Page 4 of Misty


  "The only thing I was wishing for was for them to love me and go back to loving each other, but I said yes and he was relieved:'

  I gazed at the others again. My eyes had a film of tears over them.

  "We make everything so much easier for them when we tell them what they want to hear," I said, "but that doesn't stop it. It doesn't stop the static. Suddenly, there were more and more arguments. It was like some kind of disease infecting everything. Daddy never openly complained about the bills before. Now, he would toss them on the dinner table and question Mommy like some prosecutor, demanding to know why she needed this or that and always asking, when was it going to end?

  "'It's never going to end, Jeffery.
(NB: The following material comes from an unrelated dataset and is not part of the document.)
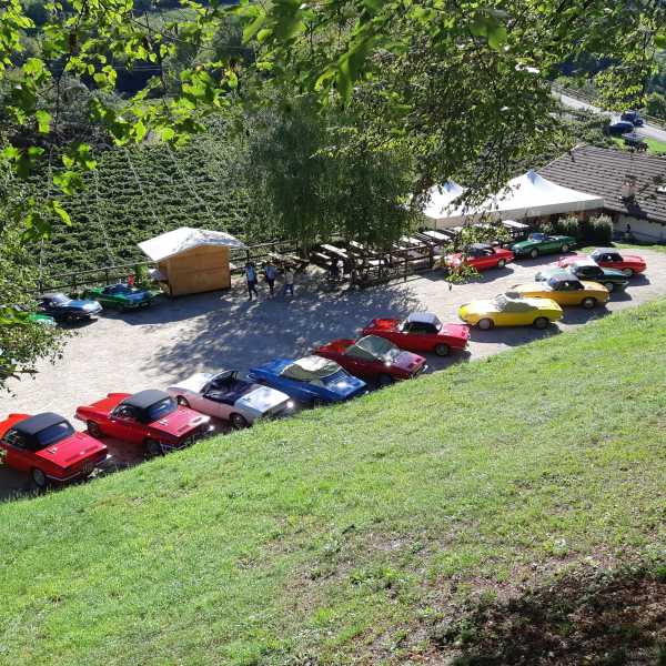 E’ andata! Tutto liscio (o quasi) in barba alle tragiche previsioni meteo che ci avevano fatto temere il peggio: dopo un anno di siccità da record sembrava che si dovesse passare tutto il raduno sotto il diluvio universale! Invece dopo un viaggio sotto la pioggia battente e una Folgaria avvolta dalla nebbia il giovedì mattina, piano piano la situazione è migliorata nel pomeriggio; e anche il venerdì, pur alternando sprazzi di sole a qualche scroscio, il tutto si è mantenuto su livelli discreti; ma è IMG-20220908-WA0028stato il fine settimana che ha premiato la costanza dei partecipanti: aria fresca e frizzante come ci si aspetta oltre i mille metri ma un cielo azzurro che più azzurro non si può sotto ad un sole splendente ma mai invasivo, praticamente il top per uno spiderista. Con una considerazione finale importante: questo evento ha dimostrato che si può ancora fare un bel raduno spendendo il giusto se gli organizzatori hanno la costanza di non arrendersi alle prime difficoltà. Partiamo dall’inizio: addirittura dal mercoledì sera le primissime spider iniziavano a popolare l’ampio garage del Grand Hotel Biancaneve, situato aIMG-20220909-WA0007 Costa, tra il centro di Folgaria ed passo Sommo. Vale la pena spendere due parole per questa struttura: elegante, confortevole e magistralmente condotta si è rivelata un campo base ideale per il nostro ritrovo settembrino. Di sicuro resterà nei ricordi dei partecipanti non soltanto per la sua funzionalità e per la professionalità di tutto lo staff ma anche per la qualità della cucina: lo chef ci ha deliziato per quattro giorni con il meglio della gastronomia trentina. Detto questo passiamo a raccontare la giornata di giovedì quando il parcheggio dell’hotel ha iniziato a popolarsi di spider: facce note certamente ma anche qualche novità: ad esempio la coppia formata da Stefano e Maria Andrea Martini, dalla provincia di Modena, che a bordo della loro seconda serie rossa hanno partecipato per la prima volta e che già sabato, positivamente colpiti dal clima del gruppo e dall’organizzazione del club, hanno manifestato la volontà di IMG-20220909-WA0022iscriversi; oppure degli amici Armin e Beatrice Huerlimann, arrivati dal nord della Svizzera a bordo della loro Sport Spider di colore verde i quali, nonostante le difficoltà dovute alla lingua, si sono splendidamente ambientati, al punto che prima della fine del raduno, non senza fatica, Beatrice ha letto un messaggio di ringraziamento in un italiano un po’ traballante ma allo stesso tempo carico di affetto e gratitudine. E infine il debutto del nostro socio Francesco Luni, arrivato sabato a bordo della spider bianca dei suoi genitori in compagnia di Mila, uno splendido esemplare di bracco italiano che con la sua composta dolcezza ha conquistato tutti. Nel pomeriggio il gruppo, non ancora completo, dopo un suggestivo percorso panoramico all’ombra di Forte Belvedere suggerito dall’amico Ugo Bacchi, ha raggiunto Lavarone per la visita del museo del miele; visita che si è rivelata assai piacevole, grazie anche ad una giovane guida che ha saputo coinvolgere i partecipanti spiegando con entusiasmo e chiarezza tutti i segreti della vita delle api e della produzione del prezioso nettare; all’interno del museo è custodita una vasta collezione di strumenti per apicoltura provenienti da varie parti del mondo. Terminata la visita, ai partecipanti è stata offerta una degustazione di grappa al miele oltre alla possibilità di acquistare i tanti prodotti della casa. Al rientro in hotel, dove nel frattempo erano sopraggiunti ulteriori equipaggi, è seguito un cocktail di benvenuto nella splendida terrazza; successivamente è stata servita la cena cui è seguito un briefingIMG-20220910-WA0037 di presentazione in una saletta riservata. Si passa quindi al venerdì mattina con un cielo che è un invito a tenere le capotes rigorosamente chiuse: il viaggio peraltro è abbastanza lungo per i nostri standard: dobbiamo infatti superare il passo Vezzena per scollinare in terra veneta sull’altopiano di Asiago. Nonostante qualche momento di pioggia il viaggio scorre tranquillo: le strade sono una meraviglia (quantomeno fino a quando si resta in provincia di Trento si viaggia su un biliardo, quando si passa sotto quella di Vicenza le sospensioni ed i fondoschiena dei passeggeri se ne accorgono!), il panorama è fantastico ed il clima fa sì che anche nelle salite più impegnative non vi siano auto con problemi di surriscaldamento. Raggiungiamo quindi la località di Camporovere dove ci aspettano Fabio e Monica per condurci a Tresché Conca e arrivare quindi a Forte Corbin, imponente impianto difensivo, edificato all’inizio del secolo scorso, con vista su tutta la Valdastico. Accolti dalla proprietaria, che ha brevemente presentato la struttura, abbiamo compiuto una visita libera di tutto il complesso; al termine della visita qualcuno si è lasciato tentare da un aperitivo sostanzioso al bar del forte: scelta che si è rivelata poco lungimirante dal momento che da lì a poco ci siamo spostati all’agriturismo Gruuntaal che ci aspettava con un pranzo veramente abbondante e con specialità da leccarsi i baffi! E’ già ora di rimettere in moto le 850: attraversiamo Asiago passando davanti all’ossario e puntiamo verso Canove di Roana per la visita al Museo della Grande Guerra: ospitato in una vecchia stazione ferroviaria raccoglie una quantità incredibile di cimeli militari. Il signor Albertin, profondo IMG-20220909-WA0055conoscitore della storia locale, ci ha guidati durante la visita spiegandoci tutto con racconti davvero toccanti. Al termine della visita, con la collaborazione della Pro Loco, è stato organizzato un buffet prima della ripartenza in direzione di Folgaria. In hotel giungono altri equipaggi, il meteo nel frattempo si è stabilizzato e ormai l’orientamento è chiaro: l’indomani le capotes si apriranno! E infatti, dopo un’altra cena davvero ottima ed una serata div
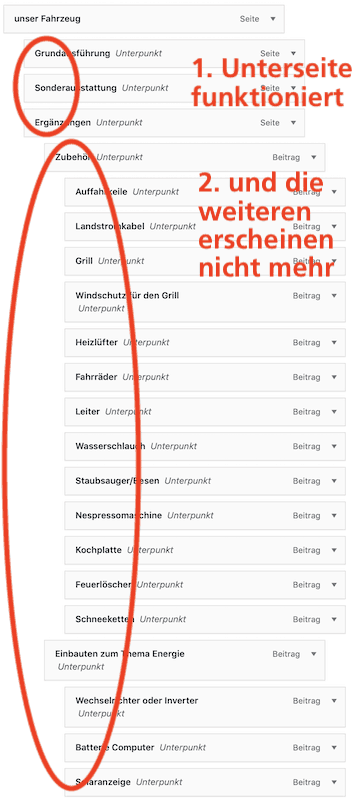 1. Schau mal unter „Design > Menüs“ Dein aktuelles Hauptmenü an, sind dort die „Unterunterpunkte“ denn vorhanden? Im sog. HTML-Code der Seite sind sie es derzeit nämlich nicht.

It's called living,' she told him and that would set him off ranting about other husbands and wives, mostly about how other wives were more economical and efficient.

  "They both seemed to look for reasons to complain. It was as if . . . a pair of magnifying glasses was suddenly put in front of their faces and they saw the little mistakes and blemishes in each other. One of Daddy's favorite topics was Mommy's salon bills. She also has a masseuse twice a week, facial treatments every weekend and, of course, the personal trainer. I didn't understand the comments he muttered under his breath, but he would say things like, 'Why are you making yourself so beautiful for me? It's just a waste.'

  "She would cry and they would stop arguing for a while, Daddy looking like he felt just as terrible.

  "I knew they weren't fighting because Daddy was making less money. Shirley Kagan told me that was why her parents eventually got a divorce, but Daddy bought a new car that year, an expensive one, a Mercedes, and he bought an expensive new big screen television set. More and more it seemed to me they were looking for the arguments, lifting stones to see what they could find that was wrong about each other.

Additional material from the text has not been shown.